TASK:
Please copy each line of the records below that includes the word "fleißigen".

GIVEN DATA:
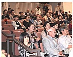
高校生の新鮮なアイデアに熱心に聞き入っています。
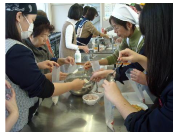
地域と連携した防災訓練

12月の環境美化活動では、校区内の駅や公園の清掃活動を実施した。清掃したところが美しくなることで自分の気持ちも清められたような気持ちになったようである。また、地域の方からは「きれいにしてくれてありがとう。」などの言葉をいただき、やってよかったと感じることができ、社会貢献の精神や郷土愛について考えることができたようであった。
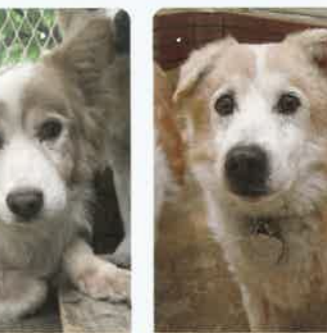
三ツ星 6才 ♂
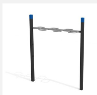
SWC.4651 Wave Bar 651
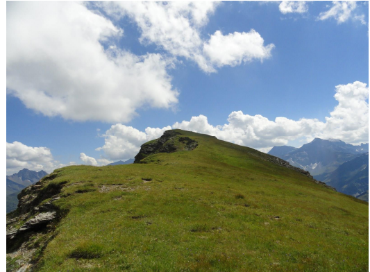
Schnürliigrat: Hier leider kein Foto gemacht. Jedoch Mast an dem einen Felsbrocken befestigt den es gibt. (gebastel) Kein Kreuz oder andere Hilfsbefestigungen gesehen!
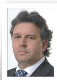
PIETRO EPIFANI Sindaco
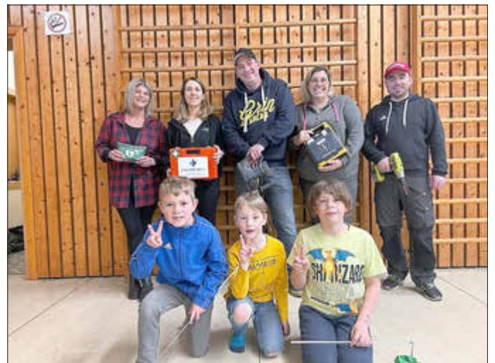
Die fleißigen Helfer

Vielen Dank an die fleißigen Helfer, die bei der Montage mitgeholfen haben.
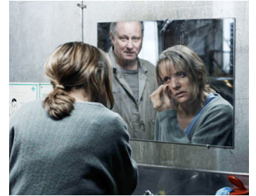
2010 UN CHIC TYPE (En ganske snill Mann) de Hans Petter Moland avec Jannike Kruse
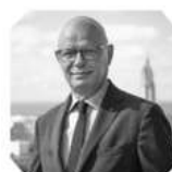
Edouard PHILIPPE 元首相 ル・アーヴル市長 2013年フランス・中国ヤングリーダー
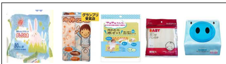
ベビーグッズ5点セット
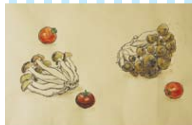
⑦ わりばしペんで描こう
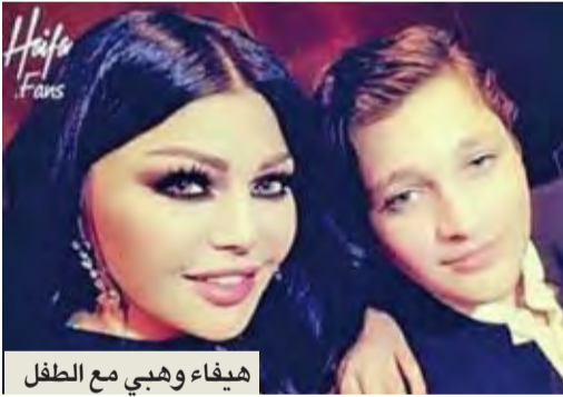
هيفاء وهبي مع الطفل
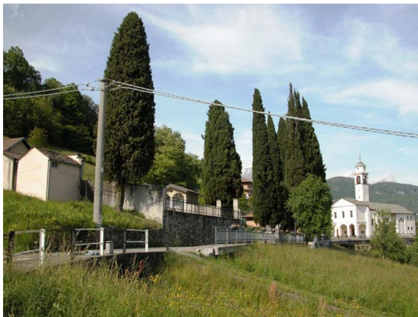
Via Alla Chiesa in prossimità del cimitero

TASK OUTPUT:
Die fleißigen Helfer
Vielen Dank an die fleißigen Helfer, die bei der Montage mitgeholfen haben.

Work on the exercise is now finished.